Questions were raised about the Birmingham player's commitment to the sport when he did not turn up to a Futures event, while he also struggled with a knee injury.
But he has rediscovered his fitness and form in the past 12 months, helping Great Britain win the Davis Cup and claiming three ATP Challenger titles.
Now he has been further rewarded with his first win in the men's singles at Wimbledon.
With just five places between Evans and world number 86 Struff in the rankings, it was not surprising to see a tight match on court 18.
Evans took the first set before the pair traded tie-break wins, then the Briton shook off an injury scare in the fourth to secure his progress to huge acclaim.
"It was a good one, tough one," said Evans. "I really enjoyed it, every part of the match, even the second set. It was good to get the win in the end, get another Brit through."
Edgy Edmund left scrambling
Edmund, the British number three, went down 6-2 7-5 6-4 to France's Adrian Mannarino, the world number 55.
Defeat means the 21-year-old is still waiting for his first win in the men's singles at Wimbledon.

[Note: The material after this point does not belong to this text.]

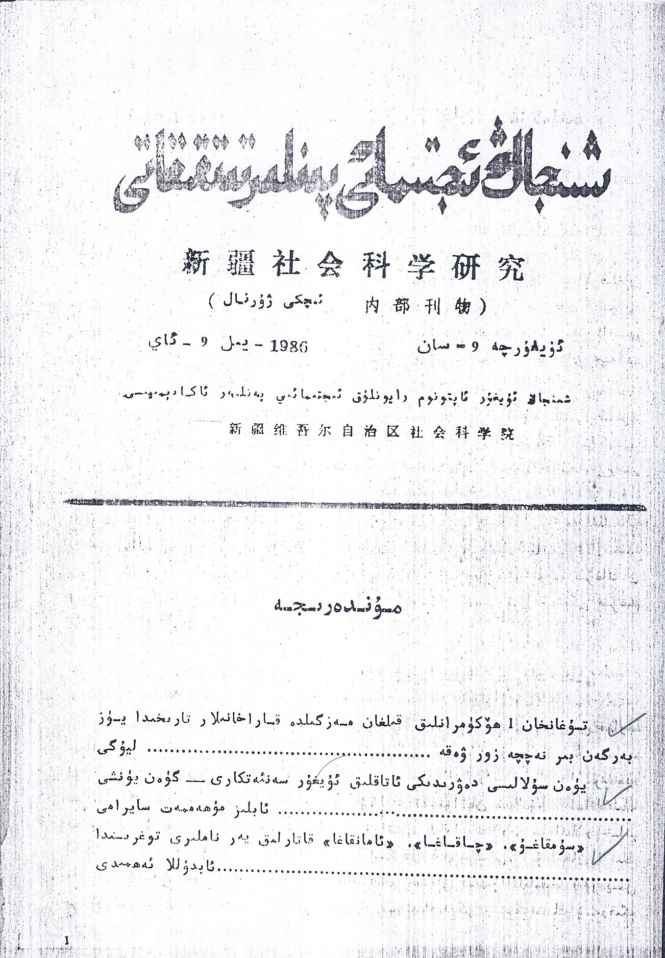 «شىنجاڭ ئىجتىمائىي پەنلەر تەتقىقاتى» ژونىلى، 1986- يىل 9- ساندا ئېلان قىلىندى.

The Yorkshireman had the honour of being the first home player to walk out on to court, but was unable to provide a winning start for a partisan crowd on court two.
Ranked 13 places below his opponent, he lost his serve early in the first set and never recovered in an edgy display.

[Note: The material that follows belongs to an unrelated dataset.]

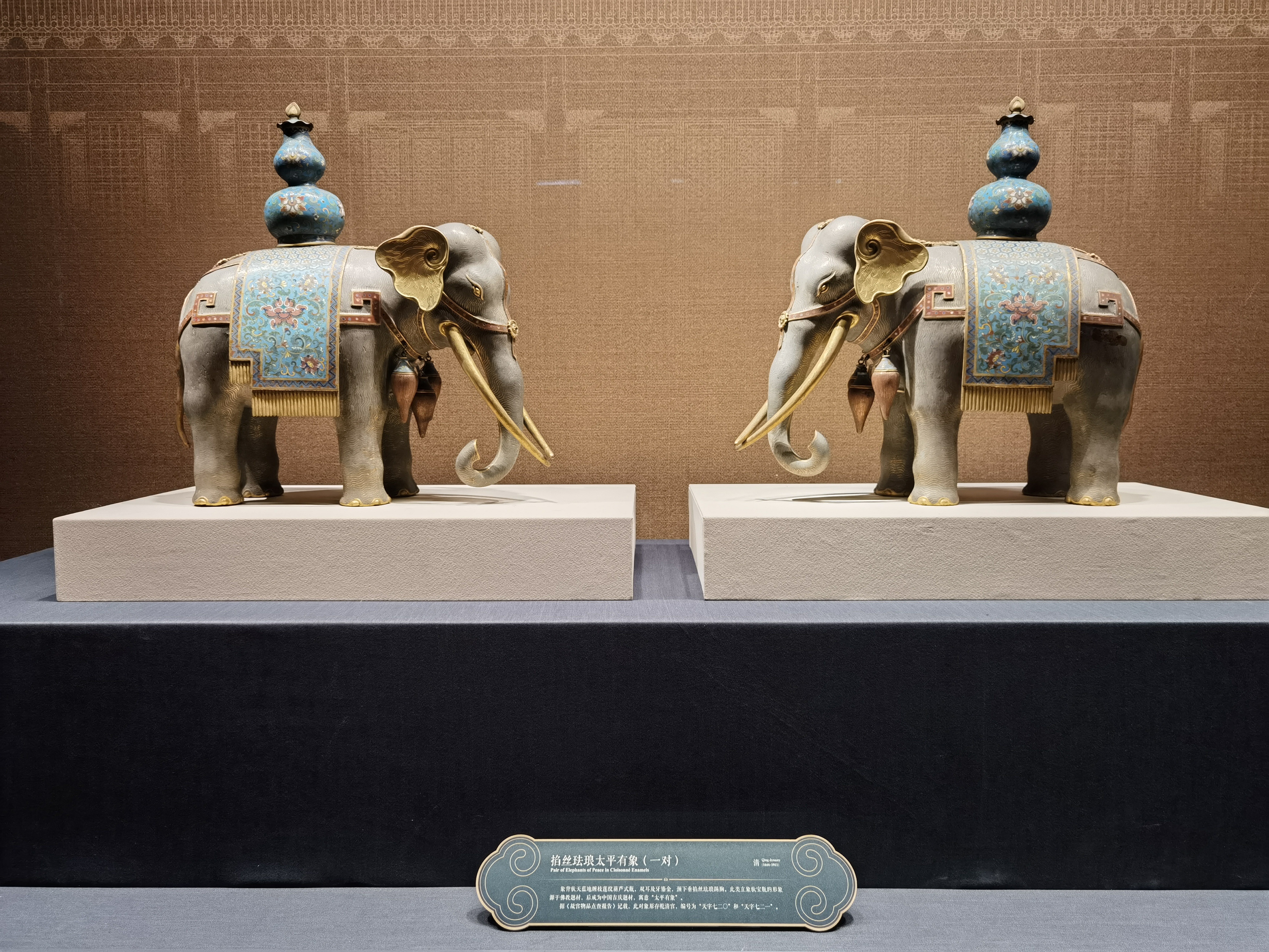 △故宮展出的掐絲琺瑯太平有象。(總臺(tái)央視記者程愛華拍攝)

Mannarino, who reached the last 16 here in 2013, broke again in the opening game of the second set, before Edmund finally started to cause the French number nine some problems with his crunching forehands.
There was a brief glimmer of hope for Edmund when he broke back for 5-5, only to instantly lose the next game and allow Mannarino to serve out for the second.
That meant Edmund had to do something that he had never previously done - fight back from two sets down and win in five.
But another slow start in the third set left him scrambling.
Mannarino, 27, broke in the opening game and, although Edmund recovered that three games later, the Briton slipped up again to go 5-4 down.
And the left-handed Frenchman clinched a place in the second round for the fifth time with a clinical hold to love.
Injury-hit Robson falls
Robson failed to secure a morale-boosting victory as she was defeated 6-2 6-2 by Angelique Kerber.
The 22-year-old former British number one, ranked 308 in the world after missing much of 2014 and 2015 with a wrist problem, was outclassed by the Australian Open champion.
Robson, the 2008 Wimbledon junior champion, beat Kerber at the same stage at Wimbledon in 2011, but this time could not manage a single break point against the German.
"For me, it's a massive win to be here and not have any niggles for quite a few months now, apart from a very small one in Eastbourne," said Robson.
"I've worked very, very hard to be healthy, to be completely fit on court. It's 100% a huge goal for me to finish the year in the same way."
More Brits flounder
British number five James Ward also failed to make the second round, unable to cause a major upset against defending champion Novak Djokovic.
The 29-year-old lost in straight sets against the world number one on Centre Court.
Wildcard Alex Ward could not mark his Wimbledon debut with a notable shock either, losing in just an hour and a half to 11th seed David Goffin.
The 26-year-old, ranked 245th in the world, was beaten 6-2 6-3 6-2 by the Belgian on court three.
And Australia-born Brydan Klein, 26, also lost in straight sets.
Experienced Frenchman Nicolas Mahut, ranked 131 places above Klein at 54th in the world, eased to a 7-6 (7-0) 6-4 6-4 victory.
Broady boosts Baltacha charity in loss
Naomi Broady was the first British woman to take to the Wimbledon courts on Monday - but she could not stop the run of straight-set losses.
The 26-year-old from Stockport, who broke into the top 100 for the first time earlier this year, was beaten 6-2 6-3 by 17th-seed Elina Svitolina.
But she did raise money for the Elena Baltacha Foundation - donating £70 to charity for the seven aces she hit.
Quotes of the day
James Ward on pushing Novak Djokovic: "I'm proud of myself with the way I turned it around because it could have been ugly."
Kyle Edmund on how he was feeling after defeat: "I'm all right. It might be hayfever, but I'm all right."